On Thu, 2003-08-28 at 14:00, Dan Bolser wrote:
> Sorry for the fig...
> 
> Here is empirical evidence for the non N**N
> nature of the algorithm... (I am board)

Not N**N (e.g. N^N or N to the Nth power), but N*N (or N^2, N squared).

> X = number of HSPs
> Y = number of inner loop itterations.

So the inner loop goes c*N (c = some constant, empirically determined to
be 2).  The outer loop goes N times.

This is still O(N^2) (Order N squared), if I understand your
plot/analysis correctly.

> As you can see it is not nearly N**N, and is
> bounded by NlogN except for small X (X<50).

I don't see a plot of 

	y = constant_1 * x log x + constant_2

for "optimal" values of the constants.  All I see in the plot is 

	. test o (red dot)
	. x*2 (green line)
	. x    (blue line)

As Y is the number of iterations around the inner loop (outer loop we
agree will have N iterations), it appears that you have found evidence
to support that the inner loop iterations scale as N*2 (2N if you
prefer).

> 
> The outer loop is visited once for each different
> cluster of HSPs (C), so for small X that is likely
> to be a bigger fraction of the total, hence more outer
> loop visits per inner. 
> 
> You get a near perfect fit with f(x) = 2x 

Well, I haven't see the fitting analysis, but using the old approximate
eyeball technique, I agree that the inner loop as you have described it,
appears to be O(N).  Makes perfect sense.

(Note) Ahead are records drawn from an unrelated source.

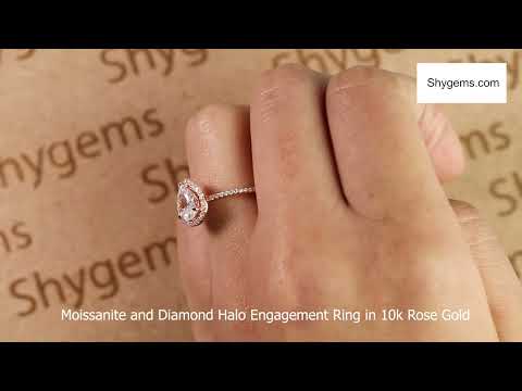 1.50 Carat pear cut Moissanite and Diamond Halo Engagement Ring in 10k Rose Gold. The ring is made with real Moissanite, real white diamonds, and on real solid 10k Gold. The order comes with Jewelry Certificate, limited Warranty and 30 Days Full Refund policy. Although each ring is handmade and customized to your specifications, but we guarantee a FAST DELIVERY.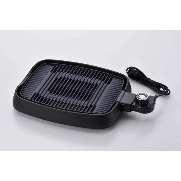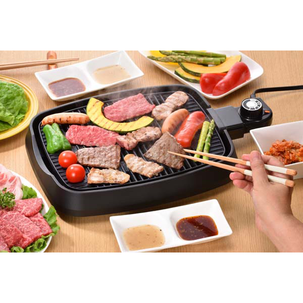 卓上でお肉が簡単に焼けるグリルプレート。余分な油が落ちてヘルシー調理。温度調節付きで調理から保温まで対応。場所を取らないA4サイズのコンパクト設計。プレートは差込口以外は水洗い可能。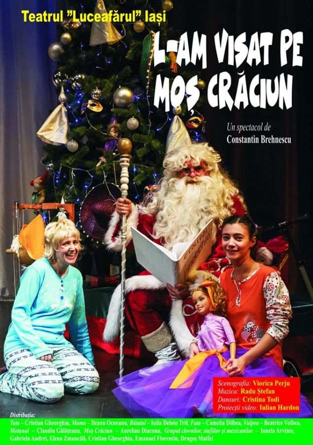 Un spectacol nou-nouț a pregătit trupa Teatrului “Luceafărul” pentru publicul de toate vârstele. Anticipând cu mijloacele teatralității atmosfera sărbătorilor de iarnă, perioadă spre care privim nerăbdători cu toții, spectacolul se intitulează L-am visat pe Moș Crăciun și este realizat de regizorul Constantin Brehnescu. Seniorul artistic la echipei de la “Luceafărul”, Constantin Brehnescu reușește să țină pasul cu evoluția în timp a personajului preferat al lunii decembrie, Moș Crăciun, adaptând povestea la preferințele de azi ale tinerei generații. “Nu există om care să nu-l fi visat pe Moș Crăciun, acest fabulos personaj care în imaginarul nostru e obligat să ne aducă bucurii, indiferent de condiția socio-economică a momentului. De această dată, povestea noastră cu Moș Crăciun se îmbogățește cu personaje din literatura universală, iar împreună ne vor livra în avans, prin intermediul teatrului, bucuria de care avem nevoie cu toții, în fiecare moment, dar mai ales în prezent.”, precizează regizorul Constantin Brehnescu.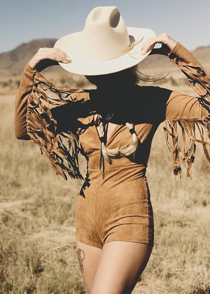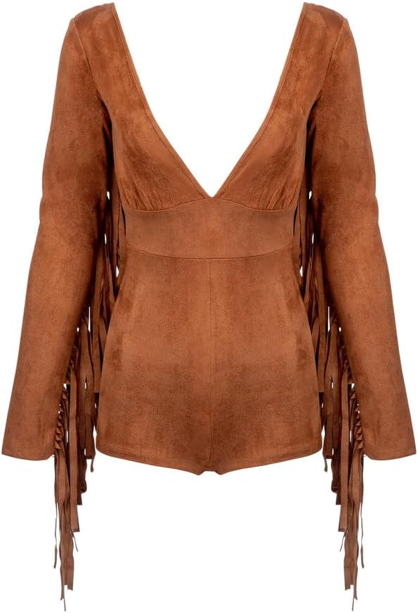 Get ready to turn heads and steal the spotlight with this brown fringe romper! This bohemian-inspired masterpiece is designed to make you feel like a true festival fashionista or a city-slicking trendsetter, no matter where you wear it.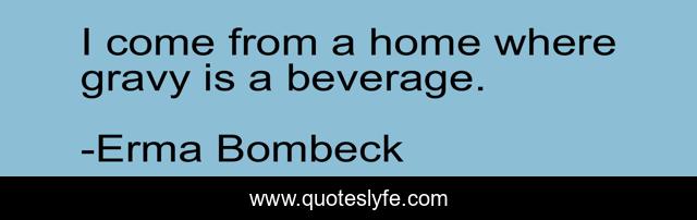 This page presents the quote "I come from a home where gravy is a beverage.". Author of this quote is Erma Bombeck. .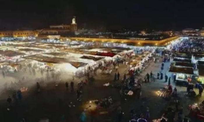在馬拉喀什,不得不去的就是Dejemma el-Fna廣場,這個廣場是馬拉喀什的核心,被評為聯合國文化遺產,被稱為open- air theatre。這裡在白天看來平平無奇,只有些賣果汁乾果的攤檔。一到黃昏,金黃色的陽光打在廣場邊的宣禮塔上,這個大廣場就像變戲法似的熱鬧起來。隨著夜幕降臨,夜市大排檔的濃煙接管了廣場上方的夜空,這才到了最精彩的時候。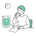 大腸内視鏡検査(大腸カメラ)の前処置として、腸管洗浄剤(下剤)をトラブルなくスムーズに服用している男性のイラストです。 容器に**「下剤」**という文字が入っており、状況が一目で伝わります。 苦痛な表情はなく、リラックスしてコップの薬を飲んでいる様子を描いています。 「飲みやすい味の新しい下剤」「楽に飲むためのコツ(冷やす・飴を舐めるなど)」「意外と辛くなかった体験談」などを紹介するWeb記事や、患者さんの不安を軽減するための案内資料に最適です。

> so I guess I can call the complexity N, if it wasn't for
> all those pesky splices...

Uh... not really.  You still have that outer loop, and that outer loop
is O(N).  Unless you can make the inner loop O(log N) which would be
recrafting the algorithm significantly, you are stuck with an outer loop
over all HSPs, and an inner loop over some fraction of the same set of
HSPs.

This reminds me of factorized matrix codes.  Similar concept, each
additional row processed reduces the elements to process by one. 
Doesn't change the O(N^2) nature, just the constant out front of it. 

Example:  

Iteration 1:

	# N=5
	# define M=N
	@hsps = qw( 1 2 3 4 5 );

inner loop over 1..4  (order N)
find one that is greater than $THRESH, shift it off the front, outer
loop next iteration. 

Iteration 2:
	# N is still 5,
	# let M be N-1
	@hsps = qw( 2 3 4 5 );	

inner loop over 2..4 (order N-1, but for large enough N, you drop the 1)

inner loop over 2..4  (order N-1, see rest of comment above)
find one that is greater than $THRESH, shift it off the front, outer
loop next iteration. 

Iteration 3:
	# N is still 5,
	# let M be N-2
	@hsps = qw( 3 4 5 );	

inner loop over 3..4 (order N-2, but for large enough N, you drop the 1)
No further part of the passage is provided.